***** Supplied material

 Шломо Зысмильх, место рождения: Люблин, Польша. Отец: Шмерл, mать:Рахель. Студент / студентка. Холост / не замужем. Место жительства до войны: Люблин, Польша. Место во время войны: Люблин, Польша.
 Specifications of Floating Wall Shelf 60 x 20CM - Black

**********
***** Supplied material

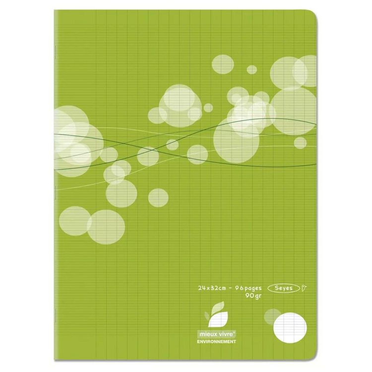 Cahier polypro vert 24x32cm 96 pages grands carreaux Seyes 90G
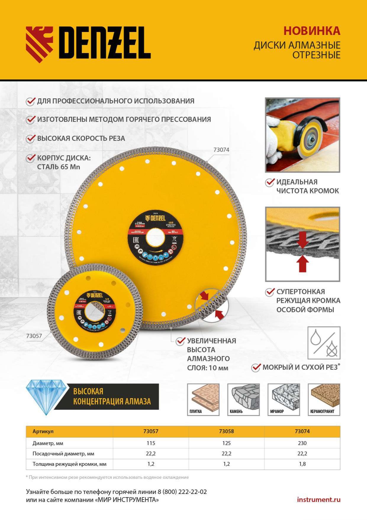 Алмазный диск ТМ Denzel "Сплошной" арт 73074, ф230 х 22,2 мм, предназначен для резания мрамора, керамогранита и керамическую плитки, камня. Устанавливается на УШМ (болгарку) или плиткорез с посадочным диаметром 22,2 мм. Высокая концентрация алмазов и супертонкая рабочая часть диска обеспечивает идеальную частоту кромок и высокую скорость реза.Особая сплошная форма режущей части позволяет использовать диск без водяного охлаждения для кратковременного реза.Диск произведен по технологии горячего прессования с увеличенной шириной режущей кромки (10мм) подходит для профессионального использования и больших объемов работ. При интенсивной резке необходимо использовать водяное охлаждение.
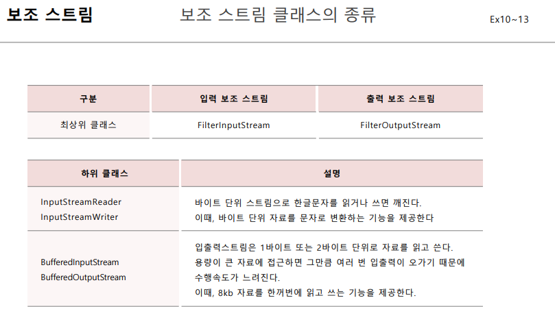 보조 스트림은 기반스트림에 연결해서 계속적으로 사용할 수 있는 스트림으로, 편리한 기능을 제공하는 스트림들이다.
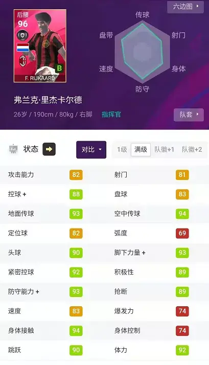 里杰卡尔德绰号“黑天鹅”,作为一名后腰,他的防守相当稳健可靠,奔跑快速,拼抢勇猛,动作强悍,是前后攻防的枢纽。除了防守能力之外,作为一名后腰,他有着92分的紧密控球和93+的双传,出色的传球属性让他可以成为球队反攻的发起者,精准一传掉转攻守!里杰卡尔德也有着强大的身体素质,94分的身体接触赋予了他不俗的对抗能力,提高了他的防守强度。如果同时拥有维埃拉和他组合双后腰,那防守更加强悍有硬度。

**********
***** Supplied material

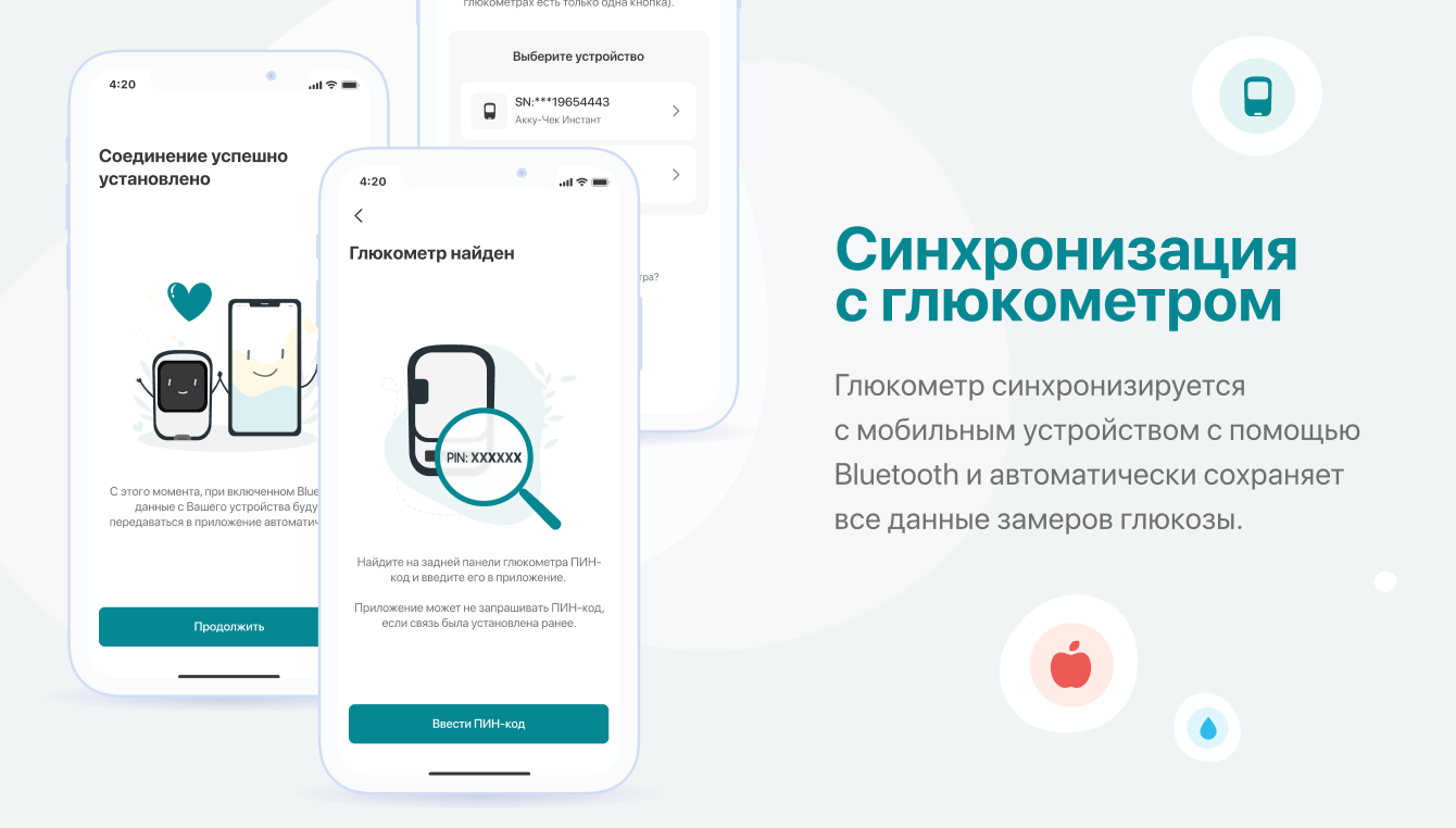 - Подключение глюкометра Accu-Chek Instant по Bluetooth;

**********

Work request: Reproduce only the lines above spanning from the line containing "Шломо Зысмильх, место" through the line containing "Specifications of Floating", word for word.

Exercise answer:
 Шломо Зысмильх, место рождения: Люблин, Польша. Отец: Шмерл, mать:Рахель. Студент / студентка. Холост / не замужем. Место жительства до войны: Люблин, Польша. Место во время войны: Люблин, Польша.
 Specifications of Floating Wall Shelf 60 x 20CM - Black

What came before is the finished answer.